While it would possible to have all the values in the configuration file, it adds much clutter, so handling it in the conversion script is less bloated, and allows for more flexibility.

The existing conversion scripts are very flexible, and probably have an example you can use for anything you are trying to process that's a bit weird.

Analyzing External Datasets

This assumes you are using GeoJson format, which is supported by most all GIS tools. I'm a terminal based developer, so these suggestions are all command line based. You can ignore this section if you are working with your own data.

I use ogrinfo to read the file. Ogrinfo puts every data field in the external dataset on a separate line, making it easy to grep for all the variations of tag values. Since there are multiple features with the same value, I sort the output and then keep only unique entries. To find all the variations I just do this:

ogrinfo -ro -al [infile] | grep "TRLUSE" | sort | uniq

This is also useful as it prints the schema used by the dataset and the data type of each field. It also displays the projection, which is important as everything needs to be in NAD84 for the geometries to be correct.

I do use QGIS and JOSM to visualize the data while working on converting to something I can then use for conflation. Editing a national dataset though is a bit sluggish, so I'll make a smaller extract and use that for the initial debugging of the conversion. Once I'm happen with processing the subset, then I'll run the full dataset to catch all the edge conditions.

Task Splitting

A key part to processing large datasets is being able to chop them into smaller more manageable files. All of the conversion scripts do work with national-wide sized files, so I usually start by tweaking the conversion till I'm happy with it. Then I download the boundary of the national park, forest, state, etc... that I want to work with.
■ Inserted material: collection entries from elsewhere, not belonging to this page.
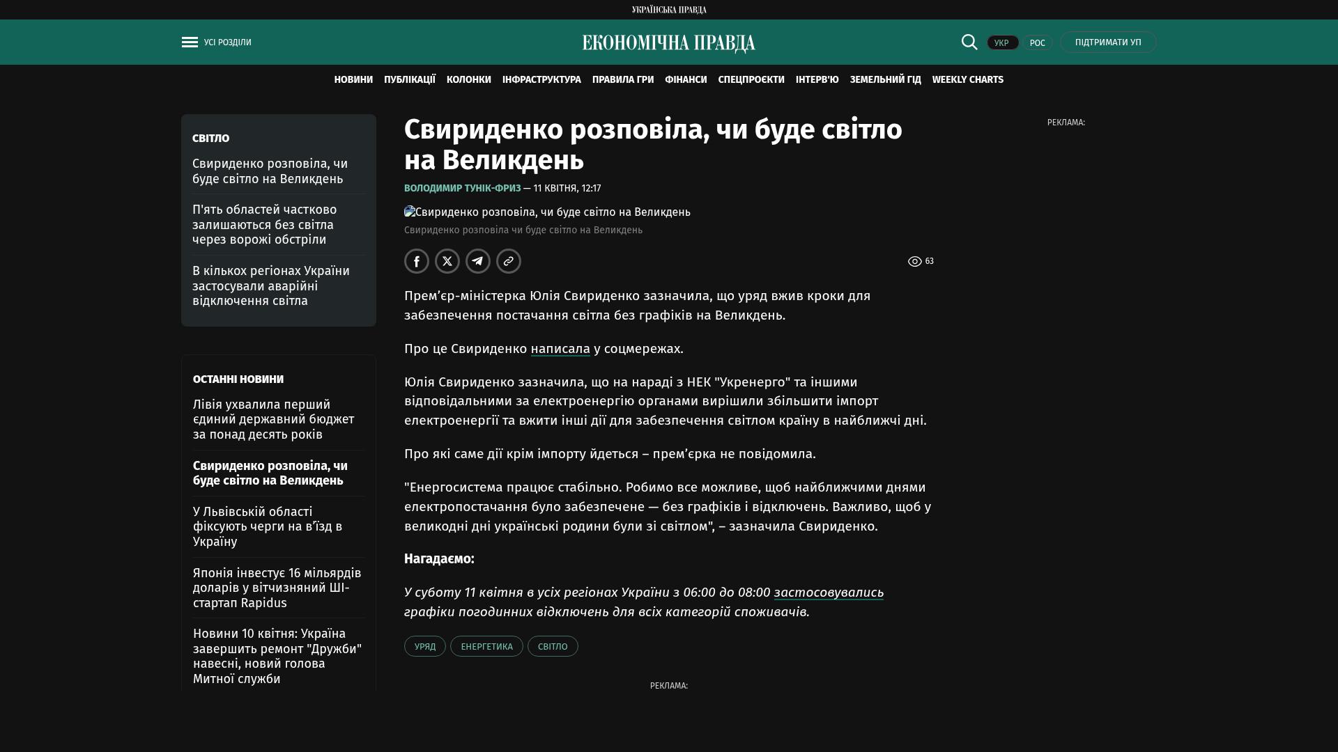 Ministerpräsidentin Julija Swyrydenko erklärte, dass die Regierung Maßnahmen ergriffen habe, um an Ostern eine Stromversorgung ohne Stromausfälle zu gewährleisten.
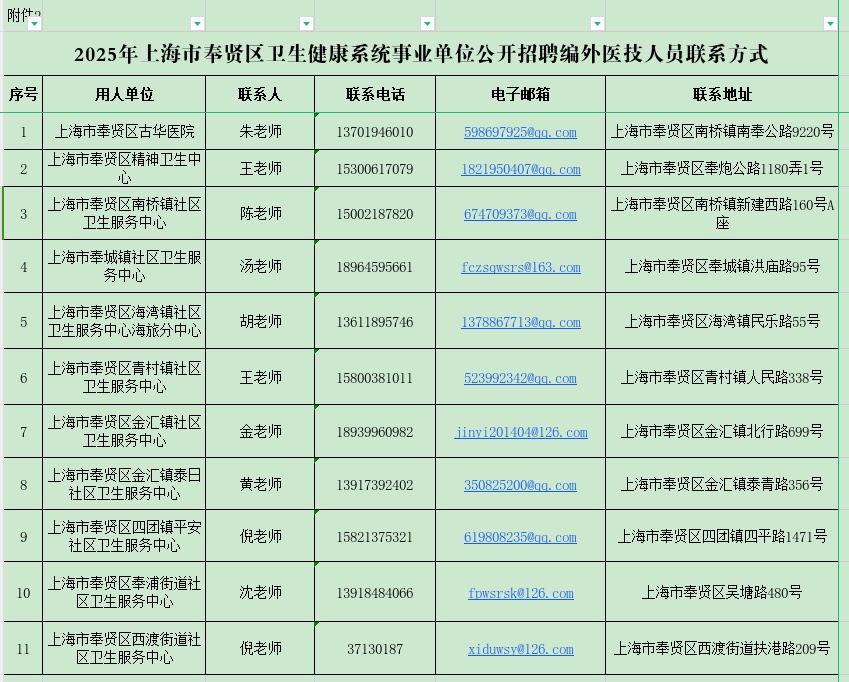 各招聘单位具体的岗位聘用要求、资格条件等,详见《2025年上海市奉贤区卫生健康委员会部分事业单位编外医技人员公开招聘简章》(附件1,以下简称《招聘简章》)。
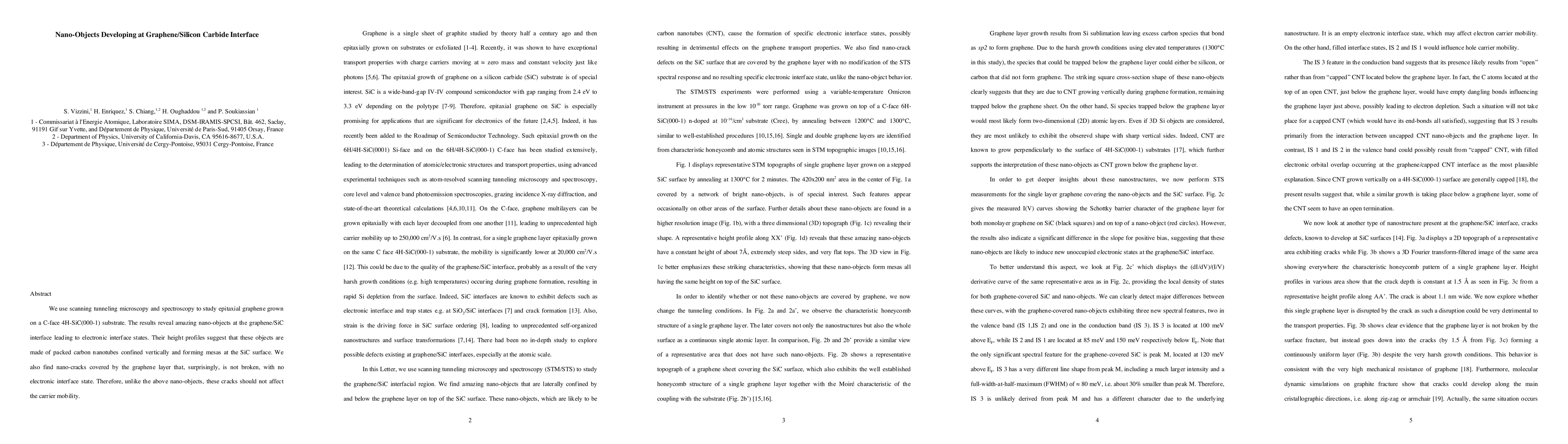 This study uses scanning tunneling microscopy to investigate epitaxial graphene on a 4H-SiC substrate, revealing nano-objects composed of packed carbon nanotubes that create electronic interface states. Additionally, it finds nano-cracks beneath the graphene layer that do not break it and do not affect carrier mobility.
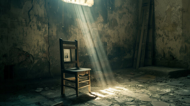 Empty wooden chair with vintage picture placed on seat in quiet room, conveying solitude, nostalgia and emotional memories of missing someone special.
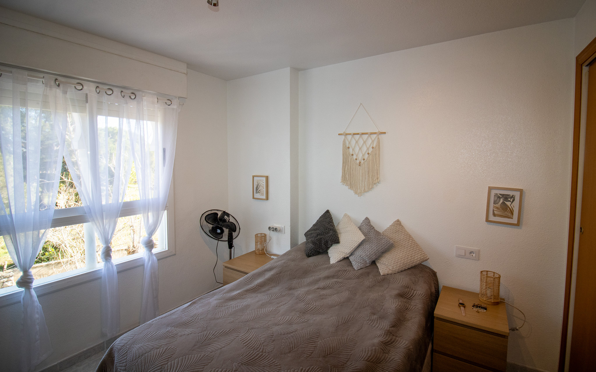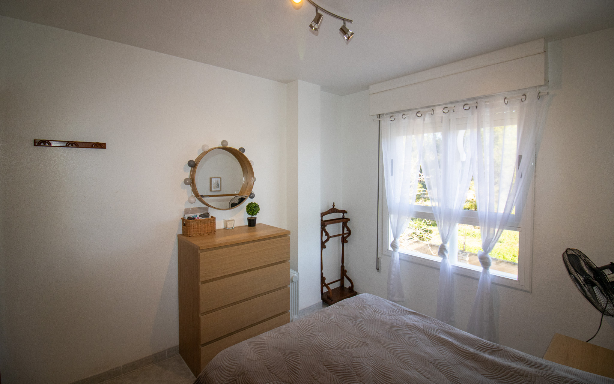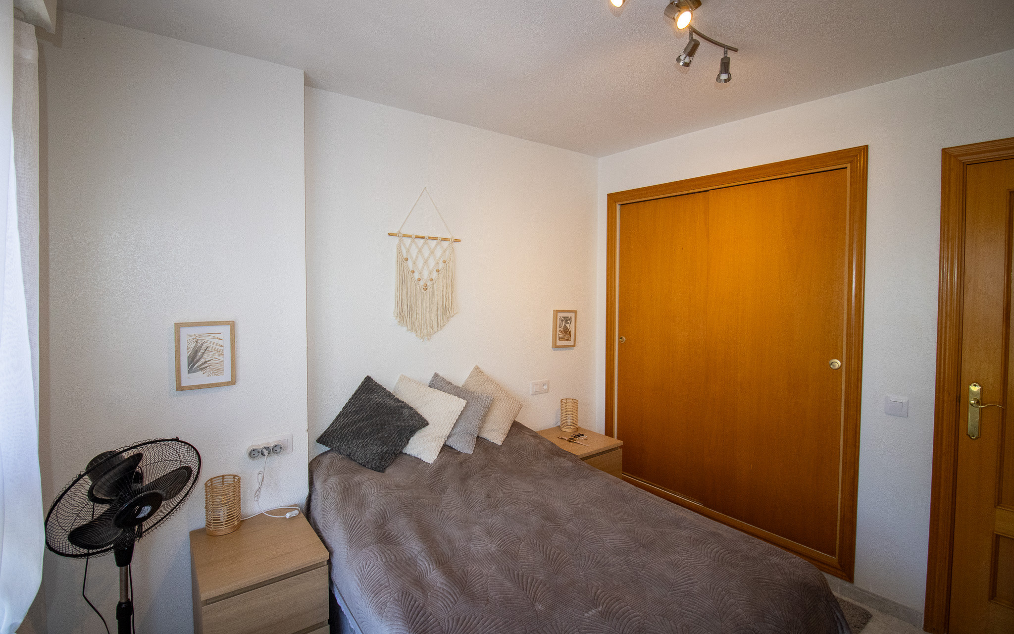 El dormitorio tiene una cama de matrimonio , así como un ventilador de techo y un armario empotrado .
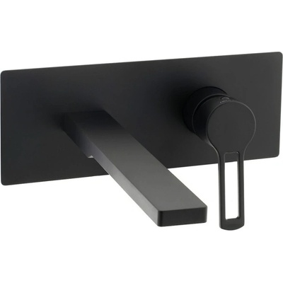 Páková podomítková umyvadlová baterie včetně podomítkového tělesa. V hranatém designu. V černém provedení. S matným povrchem.
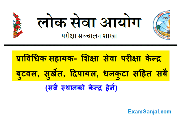 Pra Sa Exam Center Prabidhik Sahayak Exam Center Shiksha sewa, Prabidhik Sahayak & Prabidhik Na Su exam Center recently published by Lok Sewa aayog. Prabidhik Sahayk Pra Sa Exam Center of Butwal, Surkhet, Dipayal, Dhankuta are given below. All the Exam Center details of Technical Na Su Pra sa Prabidhik Sahayak including Education Shiksha, Engineering, Survey, Agriculture, Meteorological, Forest botany all service are given below.
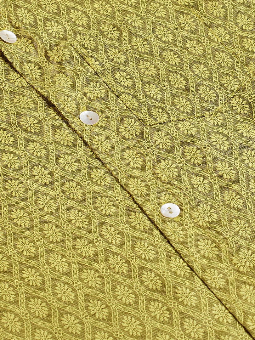 Yellow regular-fit jacquard shirt, has a mandarin collar, a full button placket, long sleeves, Straight hemline.
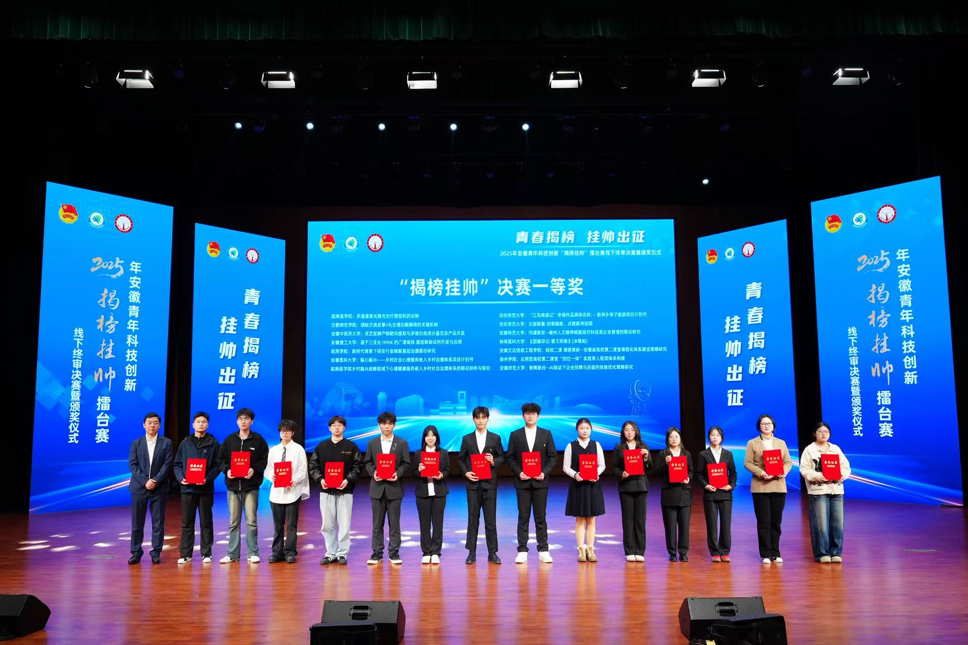 12月7日至8日,由团省委、省教育厅、省科技厅、省科协、省社科院、省学联联合主办的2025年安徽青年科技创新“揭榜挂帅”擂台赛线下终审复赛暨颁奖仪式在安徽交通职业技术学院(新桥校区)成功举办。我校在此次大赛中荣获省级一等奖1项、三等奖2项、优秀奖3项,实现了该项赛事成绩的新突破。
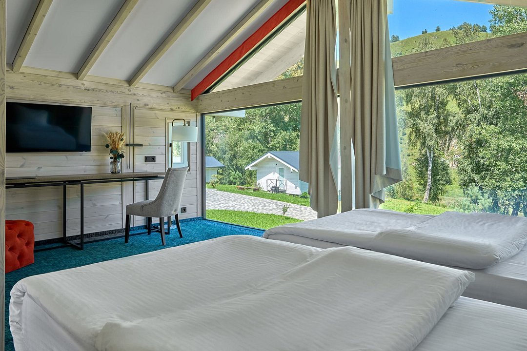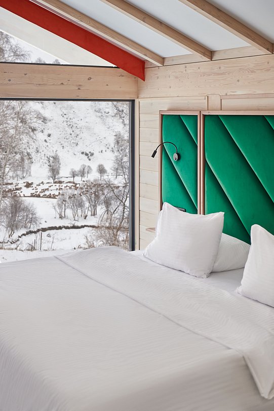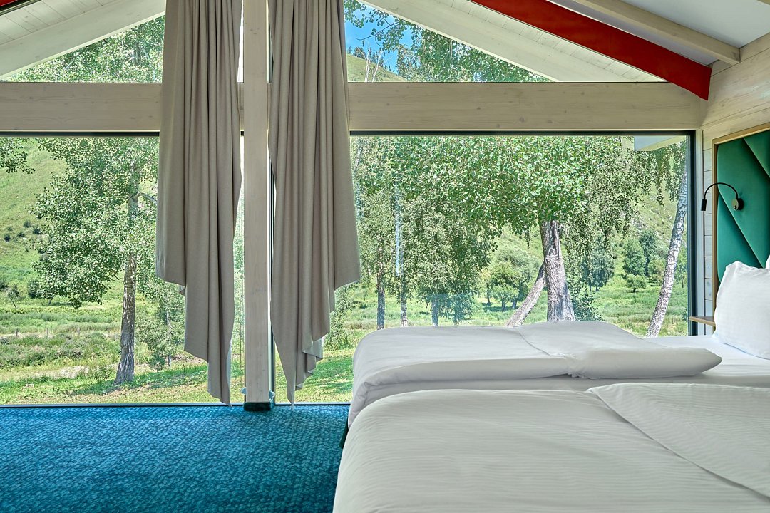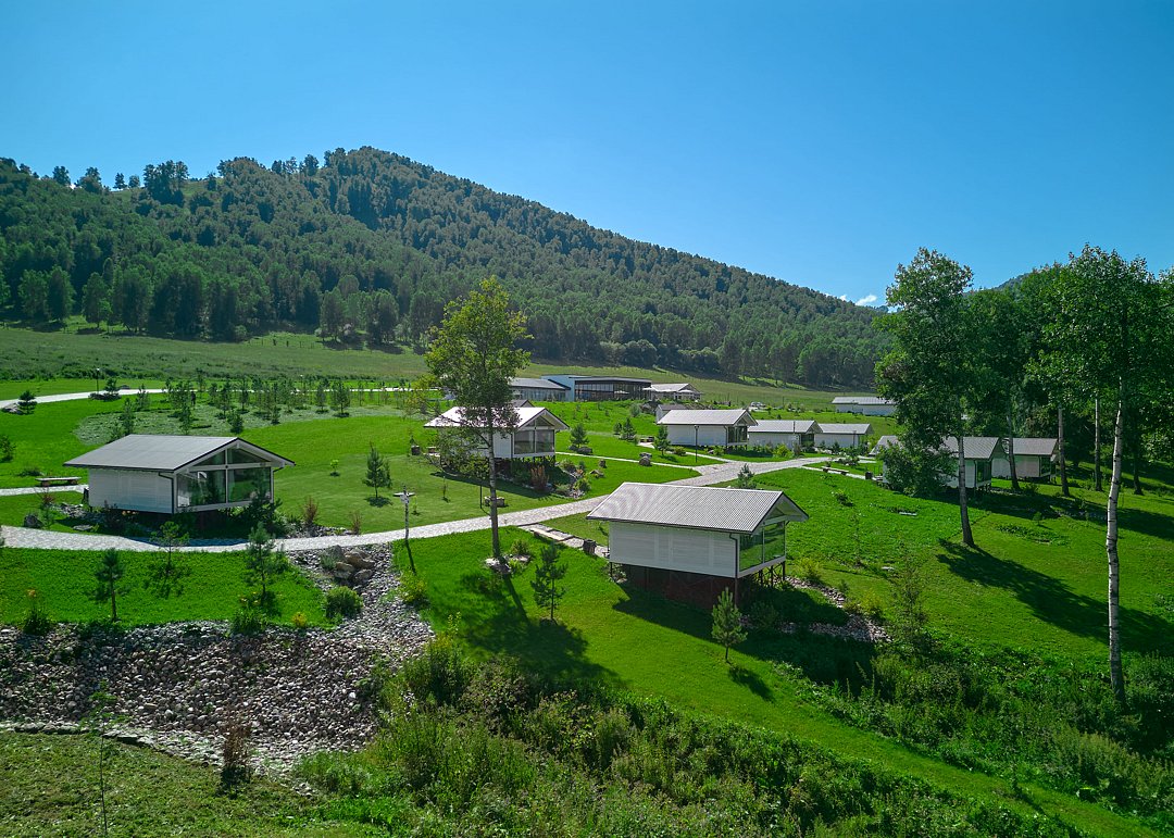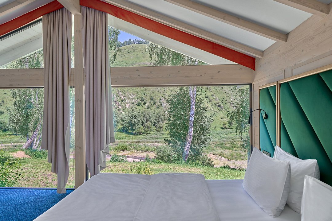 Гостям доступны 26 современных шале от 35 до 90 кв.м., включая виллу-апартаменты с собственным бассейном. Все дома оснащены панорамными окнами с видом на парк маралов у подножия горы Каим. Гостям предоставляется услуга персонального батлера, который будет на связи в круглосуточном режиме и выполнит любые просьбы.
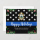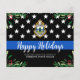 Send Merry Christmas greetings to friends, business' , fellow law enforcement departments and your community with this unique Thin Blue Line Police Department Christmas Card - American Flag in police flag colours, modern black and blue with holly leaves and berries. Personalise with police department logo, message and department . These budget merry christmas postcards need to be mailed as oversized postcards so may incur standard postage fees but they don't need an envelope or a return address label. COPYRIGHT © 2020 Judy Burrows, Black Dog Art - All Rights Reserved. Budget Police Department Christmas Thin Blue Line Holiday Postcards
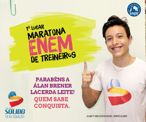 Com 51 acertos, Álan Brener Lacerda Leite, aluno do 2º ano do Colégio Sólido - Unidade Santa Maria, ficou em 1º lugar entre os candidatos de todo o país que prestaram o Provão de Treineiros. Ele será premiado no mês de agosto com um Ipad Mini oferecido pelo Anglo.
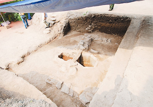考古工作从2008年夏天开始,一直延续到冬天结束,其间经过文物勘探和复杂的考古发掘过程。这次田野考古与以往有很大的不同,对于发掘对象的认识是随着考古工作的不断深入渐近清晰的,这一过程同时也带给发掘者超乎寻常的惊喜和意外,因为谁也没有想到会出现塔座基础,更不会估计到会有地宫、宝函出土。在经历了由墓葬考古向建筑遗址发掘的工作过度后,考古规模不得不进一步扩大,在发掘深度上明确了明清层、金元层和唐代地层,所揭露的范围也由中心向周围逐步扩展,最后终于完成整个建筑的发掘,即揭露出塔体基座的整体面貌。太山文管所修建蓄水池时发现的石门和石条正是位于塔基中心部位的地宫建筑。
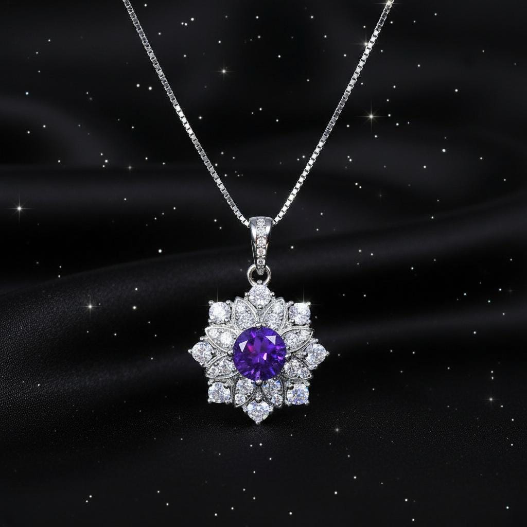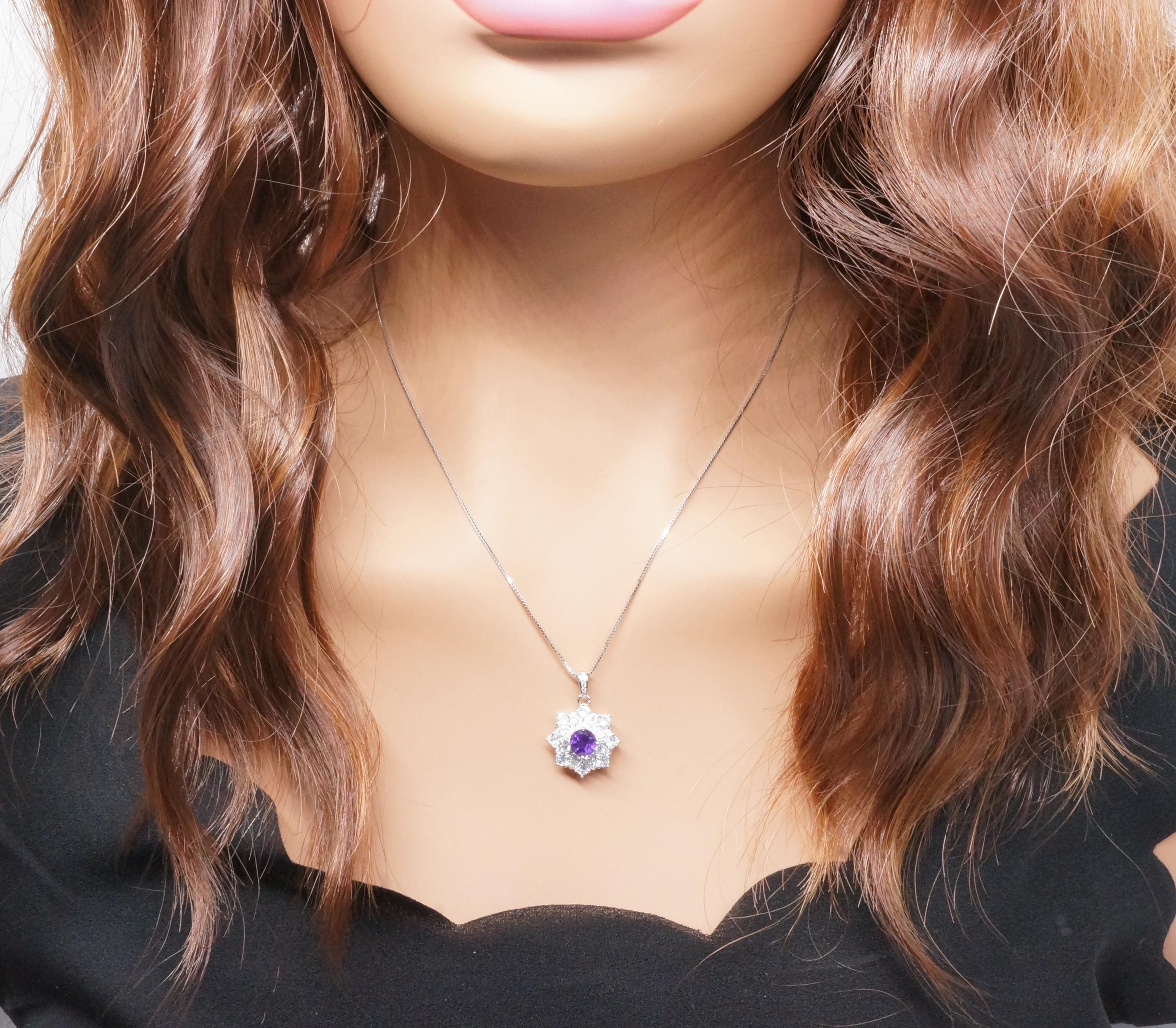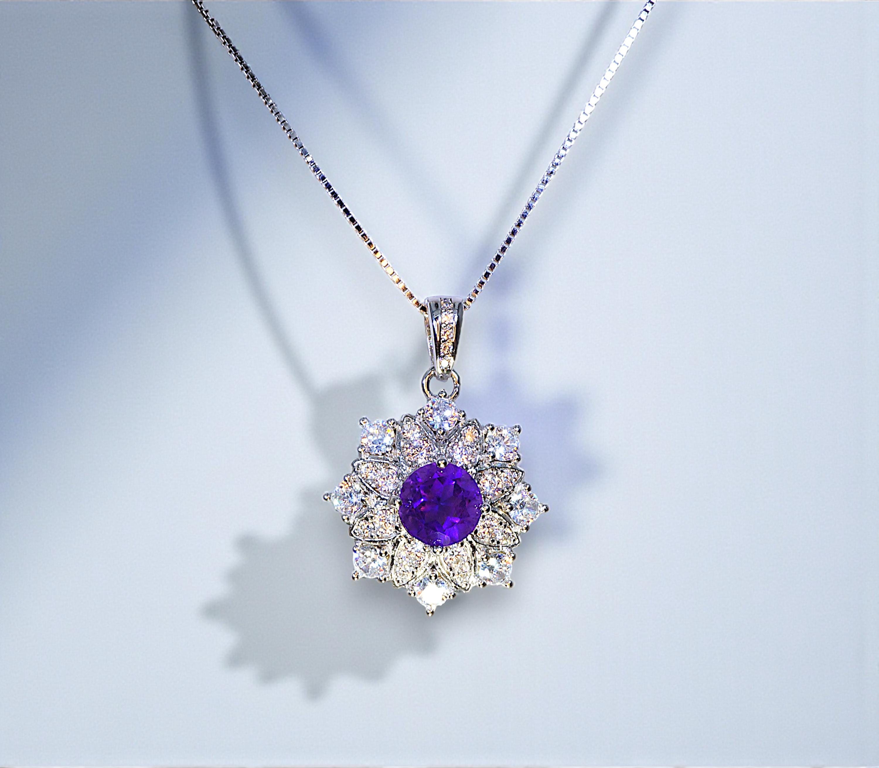 Genuine Amethyst Necklace Gypsophila Natural Amethyst Pendant 18kgp@ Sterling Silver Purple Gemstone Jewelry February Birthstone
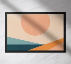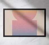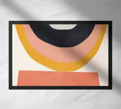 Un'opera d'arte geometrica calma e di grande effetto: il cerchio e il rettangolo si fondono in un'unità armoniosa attraverso dolci sfumature di colore in giallo, rosa e blu. Questo design dona equilibrio visivo e una sottile colorazione a qualsiasi ambiente, ideale per ambienti moderni, interni scandinavi o spazi di lavoro creativi.

This project has a utility that does two key tasks. It'll use the boundary and generate a grid of task squares. Each task is currently 5000km sq, which is the limit for the HOT Tasking Manager. It's also a good size for working directly with the files and not using the Tasking Manager. The grid is clipped to the boundary.

Then the tm-splitter utility will use that task grid and make data extracts from the converted GeoJson or OSM file, one for each task. I then load the external data set for a task into JOSM, make a new layer and download OSM data, and then work my way through each feature in the external dataset.

Workshop!!

There will be a workshop covering this process in detail at SOTM-US on Thursday, June 19, 2025.